■ Task statement ■
Return all of the listing word for word; the pictures stay out.

■ Information shown ■
◇ ◇ ◇ ◇ ◇ ◇ ◇

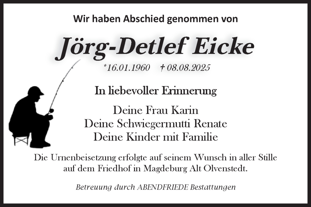 Hier finden Sie alle Traueranzeigen aus der Zeitung, die bisher für Jörg-Detlef Eicke erschienen sind. Weitere Traueranzeigen, die in der Zeitung erscheinen, werden hier ebenfalls aufgelistet
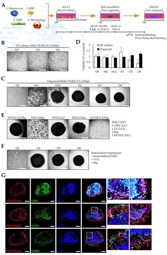 Liver organoids generated by multiple cells. To generate self-assembled liver organoids, Huh-7, liver sinusoidal endothelial (LSECs), LX-2, and macrophage cells were seeded in a Matrigel-coated 96-well plate and cultured for three days. Fibrotic liver organoids were produced by thioacetamide (TAA) treatment for an additional three days. (A) Schematic diagram of the experimental protocol. (B) Representative images of 2D-cultured cells at the indicated time points (days 0–3). The medium was replaced with fresh medium every two days. (C) Representative images at indicated time points (days 0 to 6). The self-assembled liver organoid was cultured for six days without subculturing while exchanging with fresh medium every two days. (D) Viability of 2D-cultured cells and organoids up to six days. * p < 0.05. (E) Cells required for self-assembly of liver organoids. Liver organoids were prepared by excluding one cell type from the Huh-7, LSECs, LX-2, and macrophage cells or by replacing LSECs with human umbilical vein endothelial cells (HUVECs). (F) Images of representative liver organoids generated using immortalized primary hepatocytes and LSECs instead of Huh-7 and LSECs. Scale bar for (B,C,E,F): 1 mm. (G) Immunofluorescence images of liver organoids. To evaluate the cell distribution, antibodies against CK8, CD31, EMR1, and PDGFRα/β were applied to liver organoid sections obtained from day 6 without TAA treatment to detect Huh-7, LSECs, macrophages, and LX-2 cells, respectively. Red arrowheads indicate PDGFRα/β-positive cells. Green arrowheads indicate CK8-, CD31-, or EMR1-positive cells. Scale bars: 500 µm. Data shown for (B–G) are representative of three independent experiments.
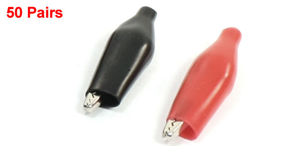 Black Red Plastic Insulation Housing Metal Alligator Clips 50 Pairs

◇ ◇ ◇ ◇ ◇ ◇ ◇

■ Response for this exercise ■
 Hier finden Sie alle Traueranzeigen aus der Zeitung, die bisher für Jörg-Detlef Eicke erschienen sind. Weitere Traueranzeigen, die in der Zeitung erscheinen, werden hier ebenfalls aufgelistet
 Liver organoids generated by multiple cells. To generate self-assembled liver organoids, Huh-7, liver sinusoidal endothelial (LSECs), LX-2, and macrophage cells were seeded in a Matrigel-coated 96-well plate and cultured for three days. Fibrotic liver organoids were produced by thioacetamide (TAA) treatment for an additional three days. (A) Schematic diagram of the experimental protocol. (B) Representative images of 2D-cultured cells at the indicated time points (days 0–3). The medium was replaced with fresh medium every two days. (C) Representative images at indicated time points (days 0 to 6). The self-assembled liver organoid was cultured for six days without subculturing while exchanging with fresh medium every two days. (D) Viability of 2D-cultured cells and organoids up to six days. * p < 0.05. (E) Cells required for self-assembly of liver organoids. Liver organoids were prepared by excluding one cell type from the Huh-7, LSECs, LX-2, and macrophage cells or by replacing LSECs with human umbilical vein endothelial cells (HUVECs). (F) Images of representative liver organoids generated using immortalized primary hepatocytes and LSECs instead of Huh-7 and LSECs. Scale bar for (B,C,E,F): 1 mm. (G) Immunofluorescence images of liver organoids. To evaluate the cell distribution, antibodies against CK8, CD31, EMR1, and PDGFRα/β were applied to liver organoid sections obtained from day 6 without TAA treatment to detect Huh-7, LSECs, macrophages, and LX-2 cells, respectively. Red arrowheads indicate PDGFRα/β-positive cells. Green arrowheads indicate CK8-, CD31-, or EMR1-positive cells. Scale bars: 500 µm. Data shown for (B–G) are representative of three independent experiments.
 Black Red Plastic Insulation Housing Metal Alligator Clips 50 Pairs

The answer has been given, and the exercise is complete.